Moderator: Bill Johnson
June 16, 2006
3:30 am CT

SAFE HARBOR PROVISIONS FOR FORWARD-LOOKING STATEMENTS:
This press release contains forward-looking statements within the meaning of the “safe harbor” provisions of the Private Securities Litigation Reform Act of 1995. Forward-looking statements are generally identified by the words “will,” “expects,” “anticipates,” “believes,” “estimates” or similar expressions and include our expectations as to future revenue growth, earnings, capital expenditures and other spending, as well as anticipated reductions in spending. These forward-looking statements reflect management’s view of future events and financial performance. These statements are subject to risks, uncertainties, assumptions and other important factors, many of which may be beyond Heinz’s control, and could cause actual results to differ materially from those expressed or implied in these forward-looking statements. Factors that could cause actual results to differ from such statements include, but are not limited to:

  • sales, earnings, and volume growth,
  • general economic, political, and industry conditions,
  • competitive conditions, which affect, among other things, customer preferences and the pricing of products, production, energy and raw material costs,
  • the ability to identify and anticipate and respond through innovation to consumer trends,
  • the need for product recalls,
  • the ability to maintain favorable supplier relationships,
  • currency valuations and interest rate fluctuations,
  • change in credit ratings,
  • the ability to identify and complete and the timing, pricing and success of acquisitions, joint ventures, divestitures and other strategic initiatives,
  • approval of acquisitions and divestitures by competition authorities, and satisfaction of other legal requirements,
  • the ability to successfully complete cost reduction programs,
  • the results of shareholder proposals,
  • the ability to limit disruptions to the business resulting from the emphasis on three core categories and potential divestitures,
  • the ability to effectively integrate acquired businesses, new product and packaging innovations,
  • product mix,
  • the effectiveness of advertising, marketing, and promotional programs,
  • the ability to maintain sales growth while reducing spending on advertising, marketing and promotional programs,
  • supply chain efficiency,
  • cash flow initiatives,






  • risks inherent in litigation, including tax litigation, and international operations, particularly the performance of business in hyperinflationary environments,
  • changes in estimates in critical accounting judgments and other laws and regulations, including tax laws,
  • the success of tax planning strategies,
  • the possibility of increased pension expense and contributions and other people-related costs,
  • the possibility of an impairment in Heinz’s investments,
  • and other factors described in “Cautionary Statement Relevant to Forward-Looking Information” in the Company’s Form 10-K for the fiscal year ended April 27, 2005.

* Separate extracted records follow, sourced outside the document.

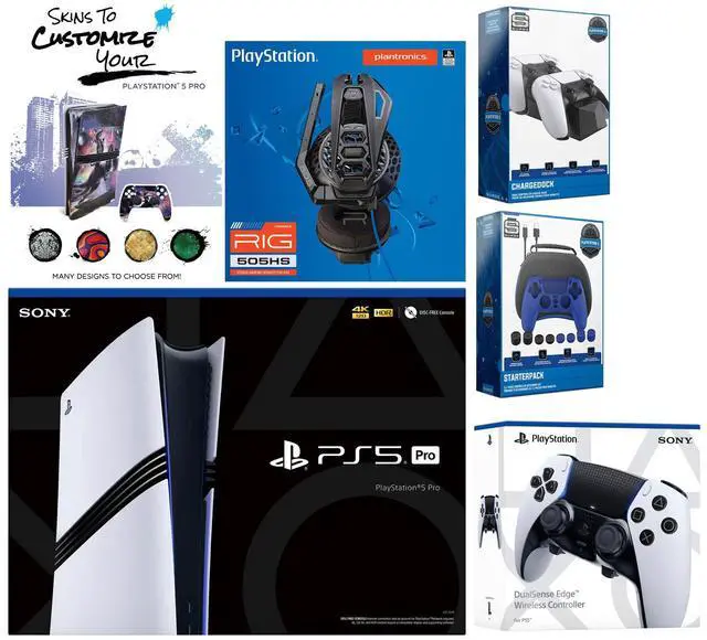 Sony PlayStation 5 Pro, 2x Controllers, Plantronics Headset, Pro Gamer Starter Pack, Controller Charge Dock, MightySkins Code, HDMI cable, and 1 Year CPS Extended Warranty
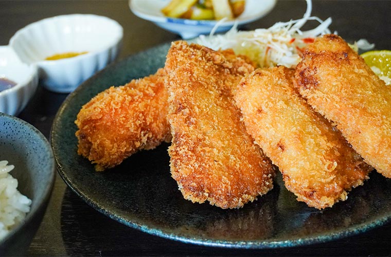 刺し身で食べられるほど新鮮なネタをフライにした『フライ定食』もあなどることなかれ。この厚み、この食感は、魚料理が自慢の同店だからこそ出せるものです。衣はサクッと軽やか、中はふっくらジューシーで、箸を入れた瞬間にじゅわっと魚のうま味があふれ出します。
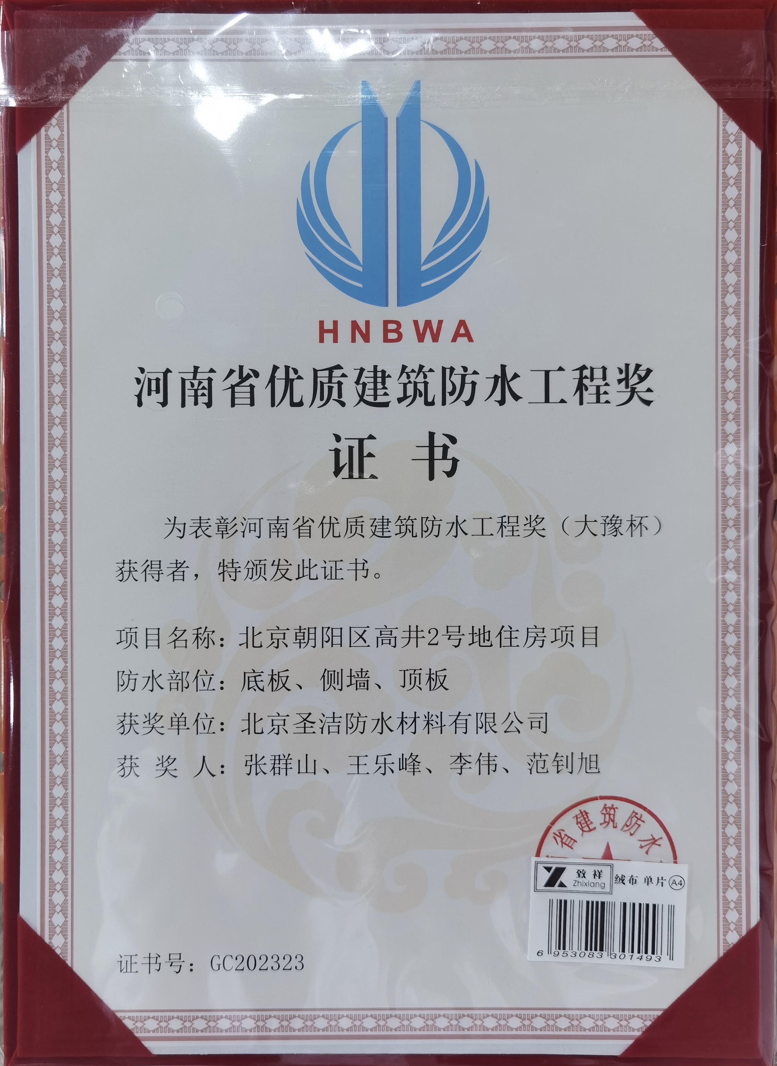 • 河南省優質建筑防水工程獎
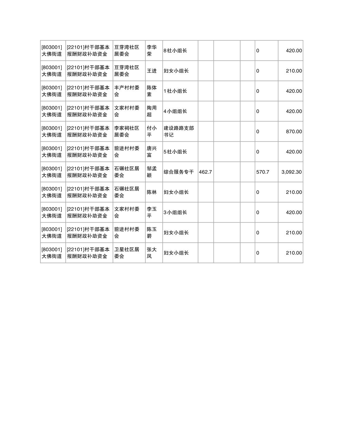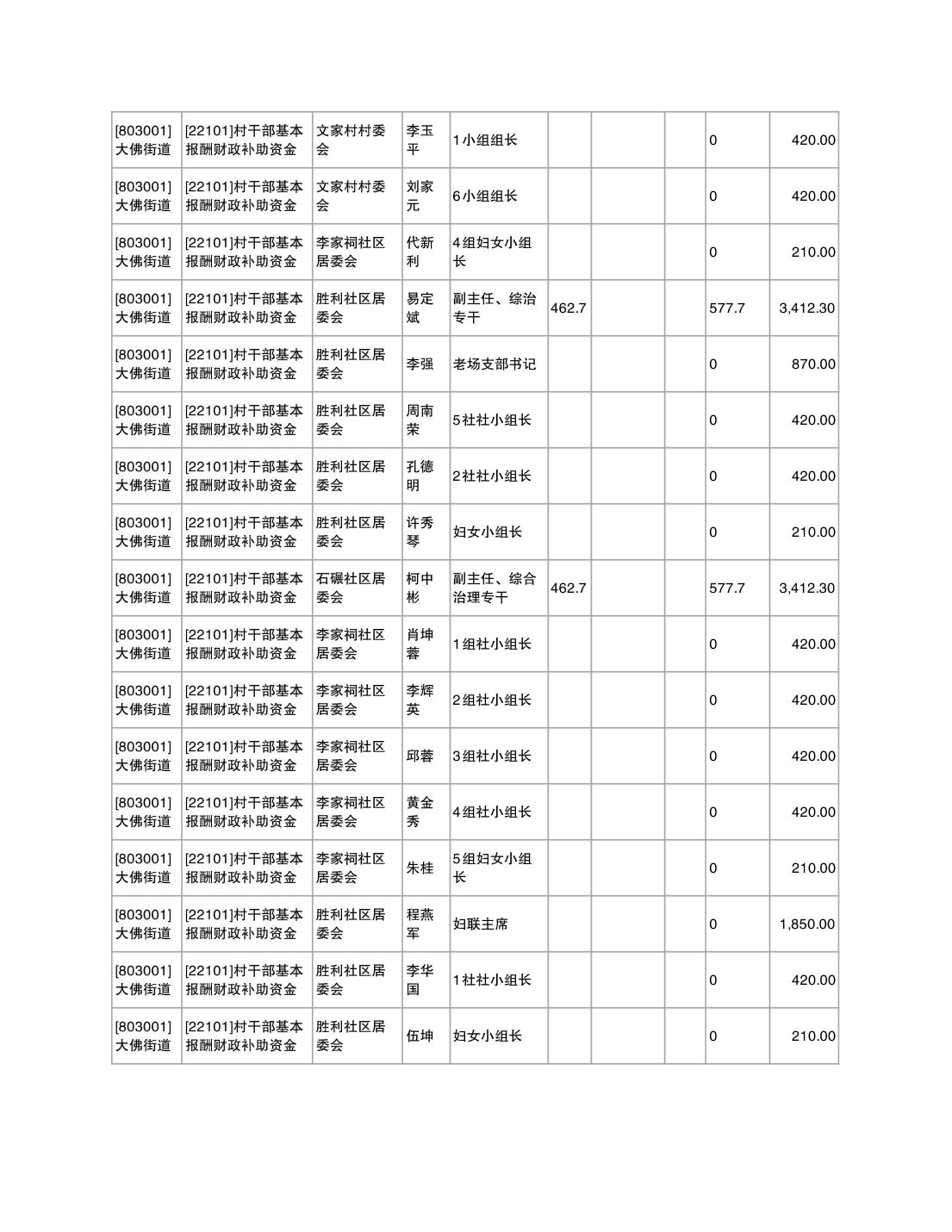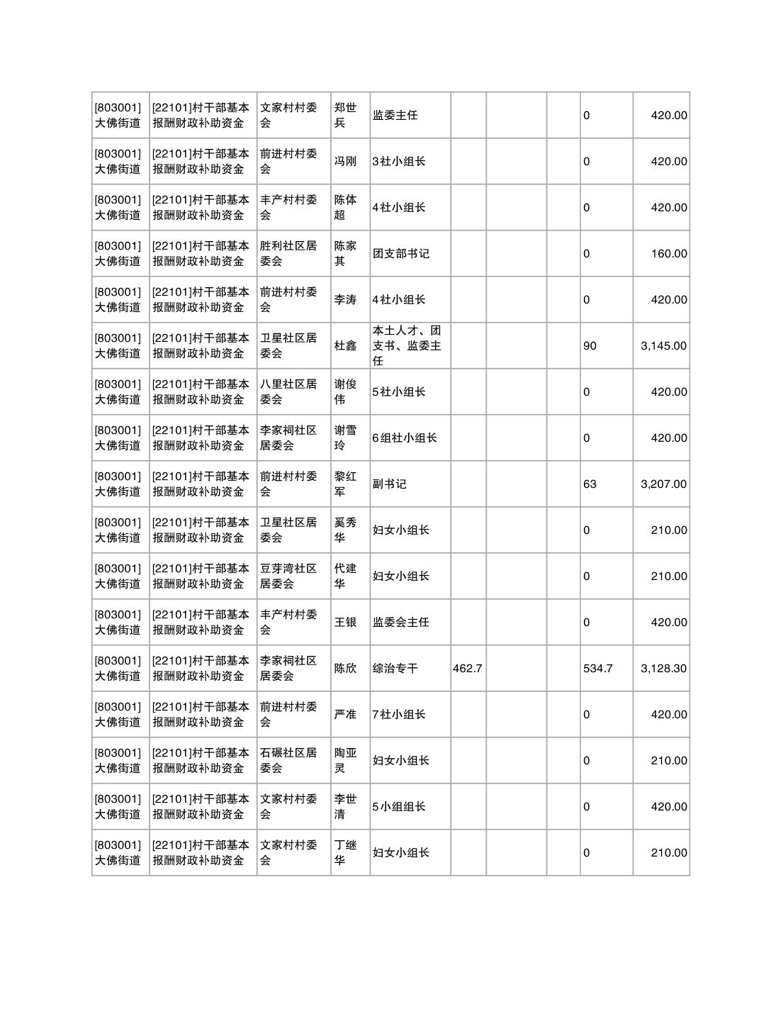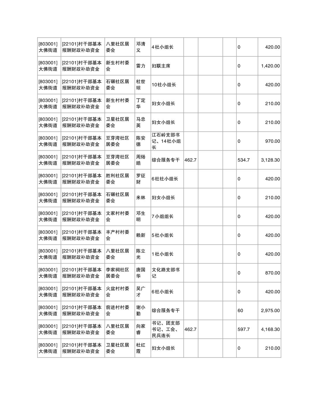 重庆市潼南区大佛街道6月村社干部报酬补助公示表

The Company undertakes no obligation to publicly update or revise any forward-looking statements, whether as a result of new information, future events or otherwise, except as required by the securities laws.

Man:  

Morning everyone. I just want to make one housekeeping announcement before we start and that is could I kindly ask that you all turn off your mobile phones and blackberries before we start because we don’t want any interference on the global broadcast.

Thank you very much.

     
Man:   We’re just trying to synchronize with global webcast so we can start airing.
     
Ted Smyth:  

Good morning ladies and gentlemen. My name is Ted Smyth and welcome to the first global town hall meeting broadcasting from Great Britain. It’s a beautiful morning here in England. The sun is shining. We’ve got a live audience of 300 here and many thousands listening in on our webcast. Don’t know how live they are. They were out celebrating rather late last night and some of them look like they had a few.

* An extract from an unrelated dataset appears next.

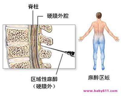 椎管内麻醉,其中又以蛛网膜下腔阻滞(又称脊麻)和硬脊膜外阻滞(又称硬膜外麻醉)应用得最多,一般统称为半身麻醉。在麻醉前,产妇需取左侧卧位,屈腿弯腰。
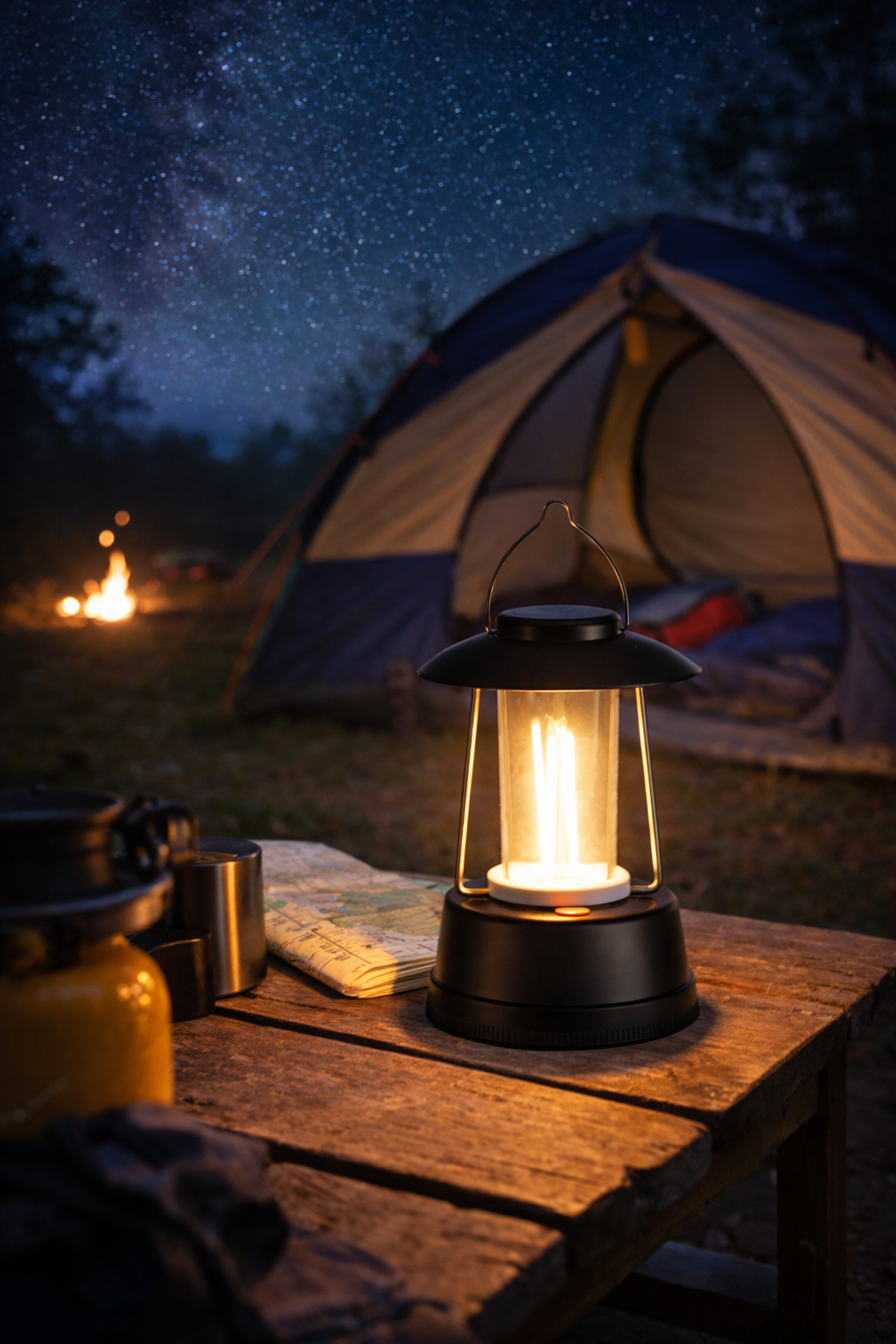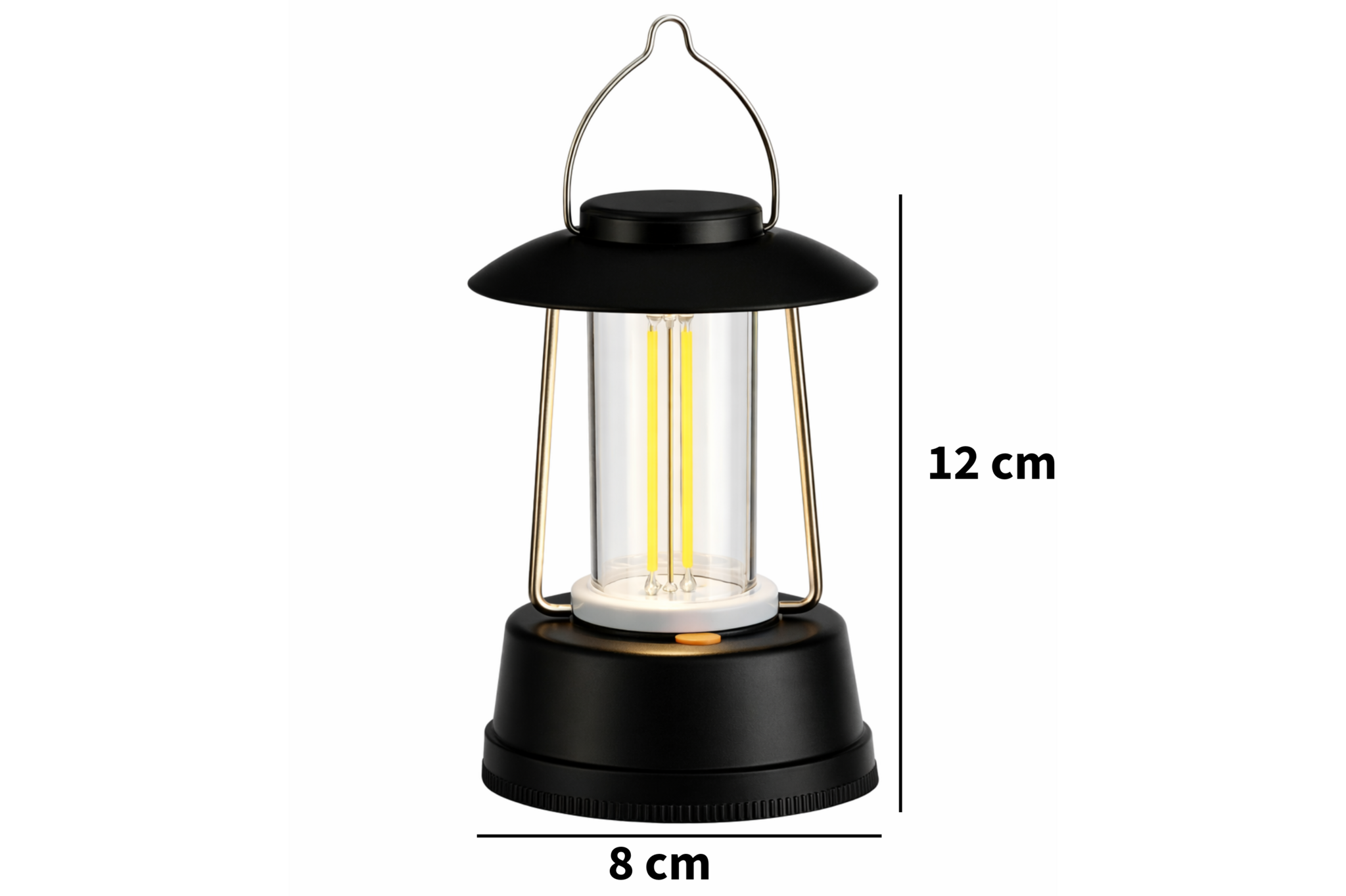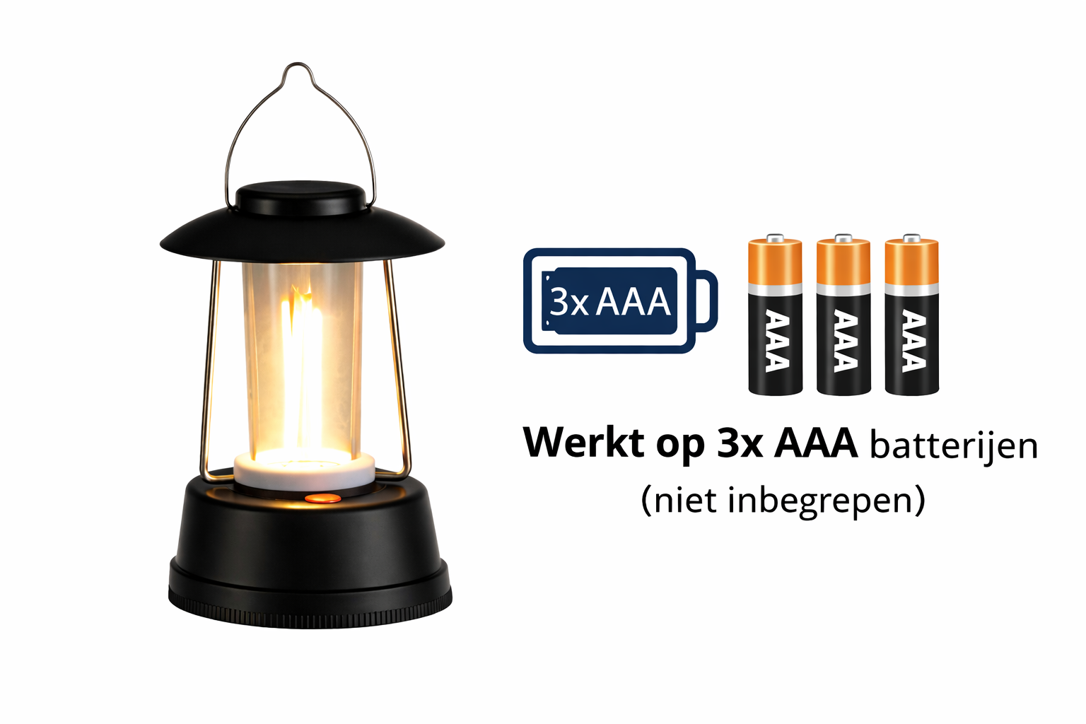 De campinglamp werkt op 3 AAA-batterijen (niet inbegrepen).

And I’m going to try and do my…

 




   

That was a very poor Irish imitation an honorary Englishman for the rest of the world cup of Peter Crouch doing his robot walk for those of you who aren’t here in the audience.

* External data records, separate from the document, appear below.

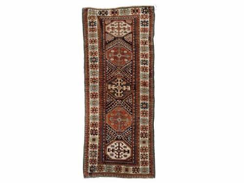 Wool, ghiordes knotting 250 x 113 cm damaged, restored late 19th century
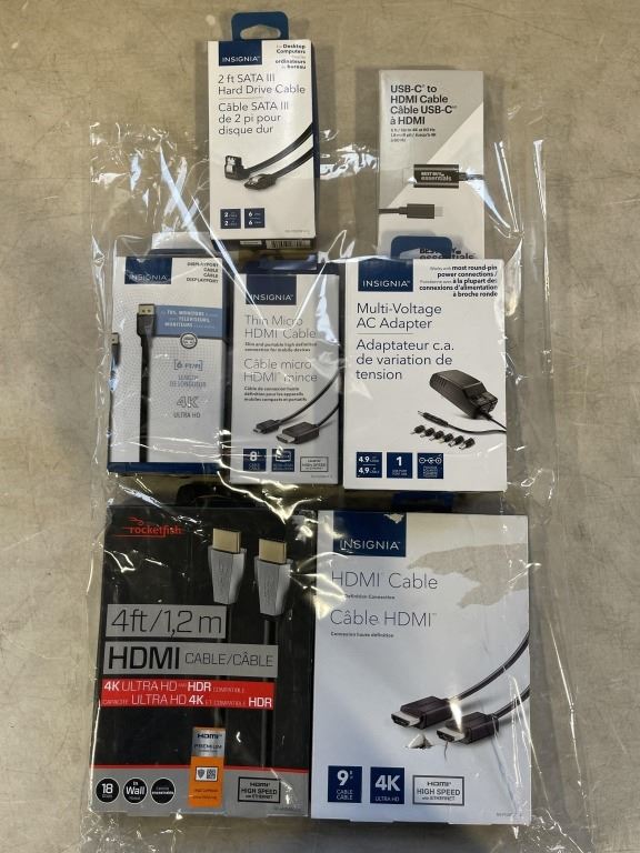 ROCKETFISH AND INSIGNIA ASSORTED CABLES, CHARGING CORDS, ETC
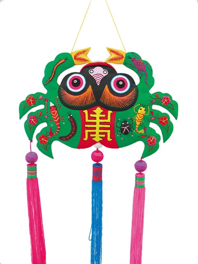 甘肃庆阳的香包历史悠久,品类繁多,其中以“螃蟹”香包最具特色。当地人将螃蟹视为毒物,在螃蟹身上缀以蝎子、蜈蚣、蛇、壁虎、蜘蛛等五种毒虫,用以毒攻毒的方式防御毒害。避五毒是端午节的重要内容。“五毒”的形象,自汉代便已出现。宋人周密在《武林旧事》卷三中记载,宋代宫廷中“插食盘架,设天师、艾虎,意思山子数十座,五色蒲丝、百草霜,以大合三层,饰以珠翠、葵、榴、艾花、蜈蚣、蛇、蝎、蜥蜴等,谓之‘毒虫’。”实际上,夏季的毒虫不计其数,“五”只是个虚数。人们将五毒的形象绣制在香包或儿童衣物之上,既是为了避免毒虫侵害,也有让小儿辨识毒虫的科普作用。

We’re delighted to be here for Bill to talk about the Heinz Superior Value and Growth Plan that we announced in New York on June 1. This was a plan that was extremely well received by Wall Street, by the investment community. And what it does is it builds on all of the great and exciting things that you folks around the world and here in the U.K. are doing to drive growth and to reduce costs. And what it rolls up to is a 10% increase in earnings per share in this fiscal year.

So it’s really great. Really exciting. And we’ll take questions that we’ve received from around the world after Bill speaks. But right now I’d like you to give a warm welcome to our Chairman, President, and CEO, Bill Johnson.

     
Bill Johnson:  

Ted said to me do you want to do the robot or do you want to show the flag? And I said if I do the robot I’ll injure myself and Ted already injured himself I think.

Good morning. I noticed as I always when I come to the U.K. I keep telling you you’re the center of the Heinz universe. I noticed on the first slide up there we’ve now officially moved world headquarters to Hayes Park, which doesn’t surprise me in the least.

The other thing you’ll notice today once I open up is that you will see me very scripted. And the reason we’re very scripted is whatever we say today in the global webcast goes right to the Securities and Exchange Commission in the United States. Everything we say, every letter we send to you, every

 



   

communication we make with you now has to be filed with the government because we’re in the middle of a proxy contest. So just keep that in perspective. Occasionally I’ll deviate but I won’t say anything very meaningful when I do.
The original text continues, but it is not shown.